There are probably many more of these lines, but more importantly, how did they get there? When I check my original GTF file:
grep LOC111560961 cat9.gtf > LOC111560961.txt
The output is:
NC_018728.3 Gnomon CDS 75045678 75045729 . + 0 transcript_id "gene12665"; transcript_name "gene12665"; gene_id "gene12665"; gene_name "LOC111560961";
NC_018728.3 Gnomon CDS 75045904 75046316 . + 2 transcript_id "gene12665"; transcript_name "gene12665"; gene_id "gene12665"; gene_name "LOC111560961";
NC_018728.3 Gnomon CDS 75046835 75046875 . + 0 transcript_id "gene12665"; transcript_name "gene12665"; gene_id "gene12665"; gene_name "LOC111560961";
NC_018728.3 Gnomon CDS 75051137 75051353 . + 1 transcript_id "gene12665"; transcript_name "gene12665"; gene_id "gene12665"; gene_name "LOC111560961";
So the attributes are there, However the locus and genename are not in the reduced.gtf file
grep LOC111560961 cat9.reduced.gtf
grep gene12665 cat9.reduced.gtf
Gives empty files.
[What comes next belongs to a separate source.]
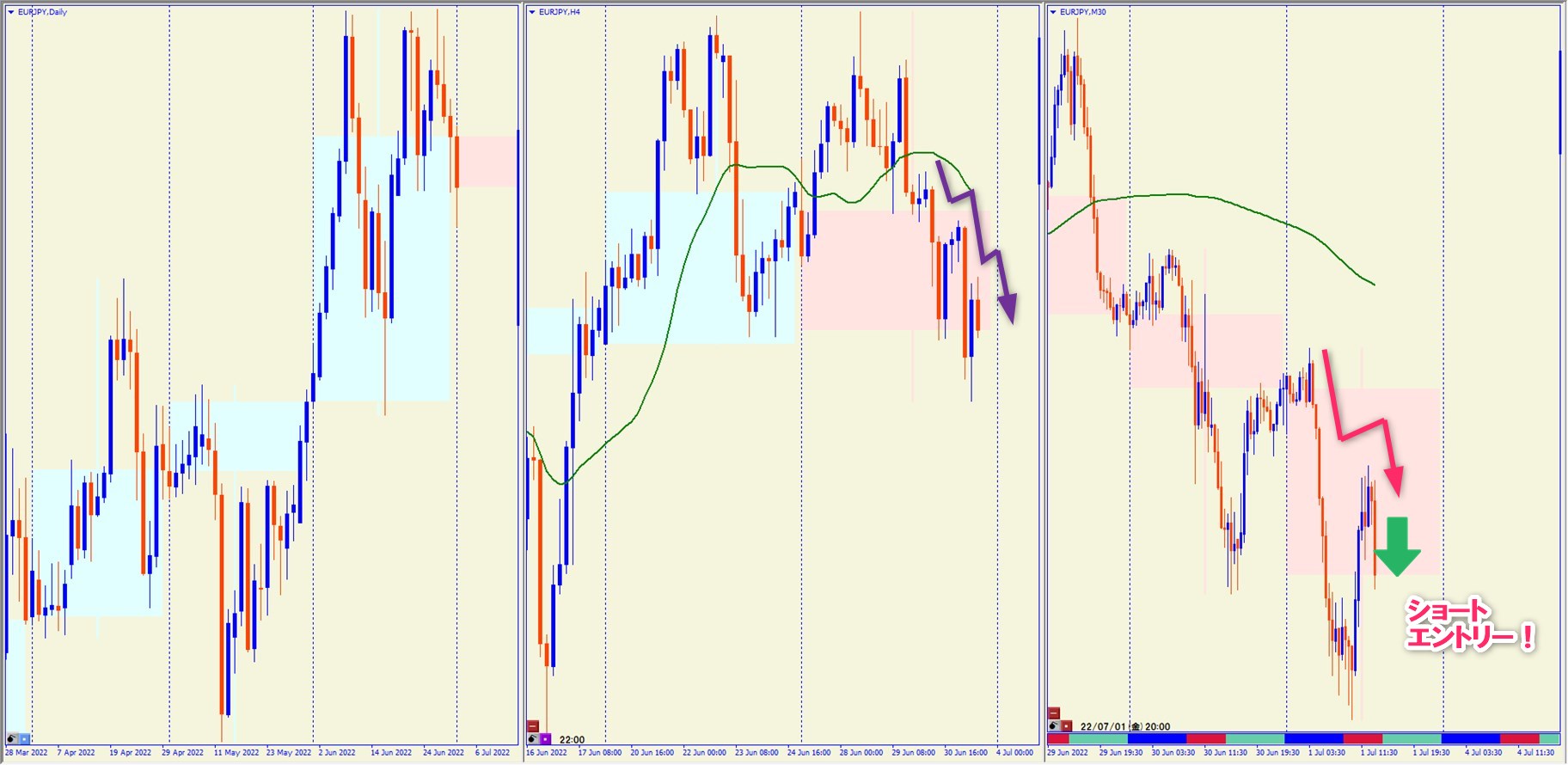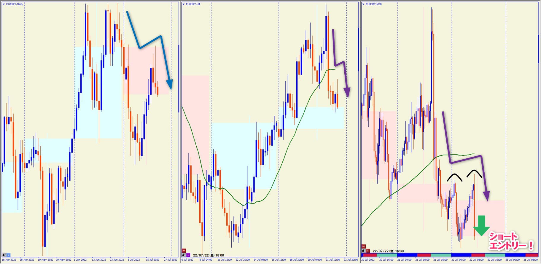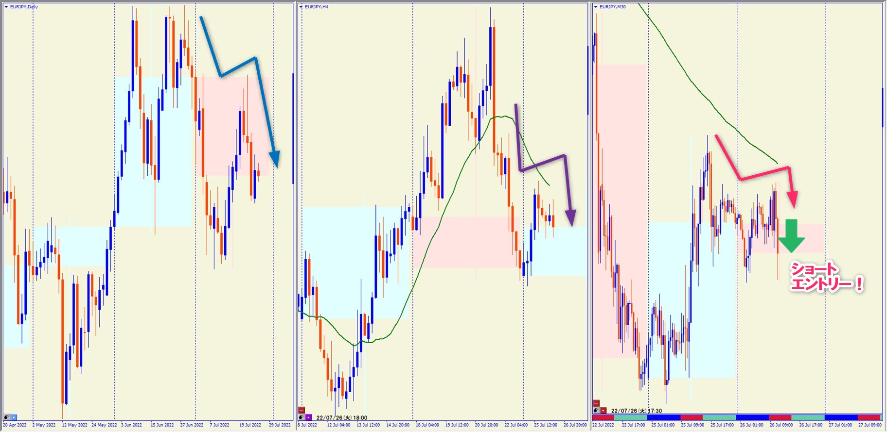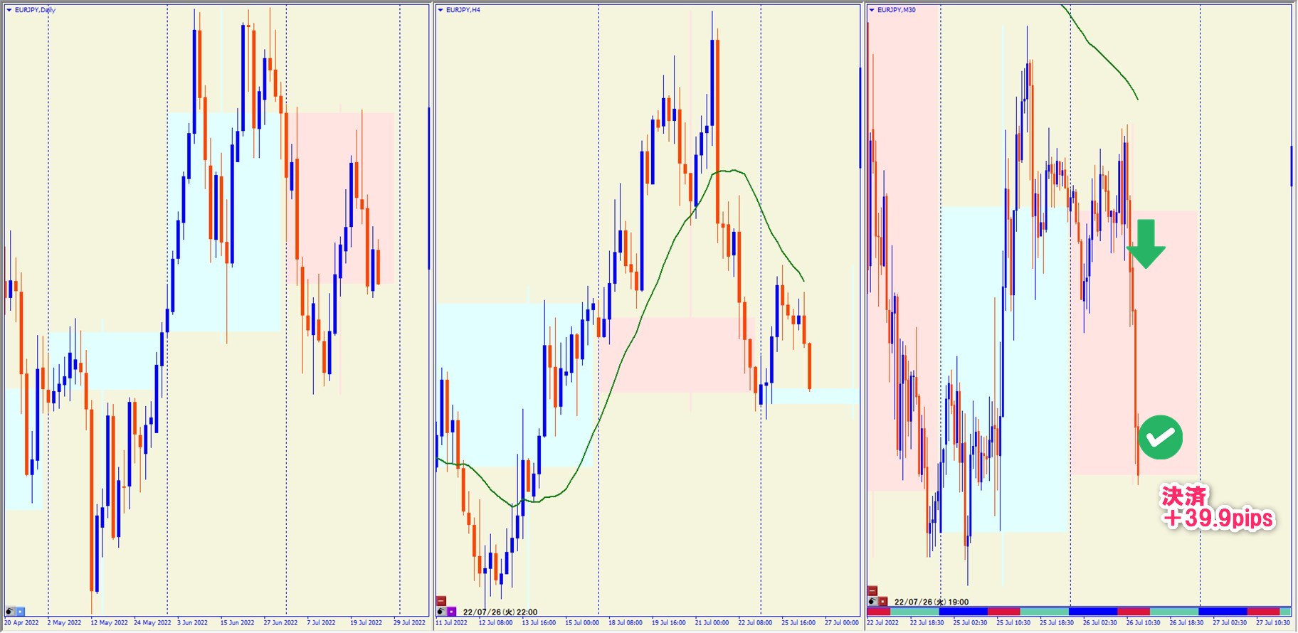 2022.7.26 17:30 EURJPY ショート +39.9pips

Thanks for any advice. I really appreciate it.
Pete
This is the first 70 lines of my refFlat file
Hi Pete,
The problem is that there are no exons in this transcript. I think you need to remove any such transcript from your GTF and re-create the refFlat file. The signal is -2147483648 in the refFlat file.
Regards, Alec
Hi Alec,
I appreciate your help. I hope you don't mind but I am new to this analysis and am not sure how to determine if there are exons in the transcripts. Are you saying I should go through the refFlat file and parse out the lines with bad signals, and then use that information to remove those lines from the GTF file? I apologize for having to ask. I can likely wrangle any GTF file if I know exactly what I'm looking for.
Pete
Yes, that is what I'm saying. In GTF format, the definition of a transcript is spread across multiple lines, so it's hard to figure out which transcripts are lacking exons. ConvertToRefFlat, by accident, flags such transcripts with -2147483648. You can get the names of problematic transcripts by searching for that value, filter those transcripts out of GTF, and regenerate the refFlat.
I realize another alternative is simply to remove from your refFlat the lines containing -2147483648.
-Alec
Removing lines with -2147483648 worked for me.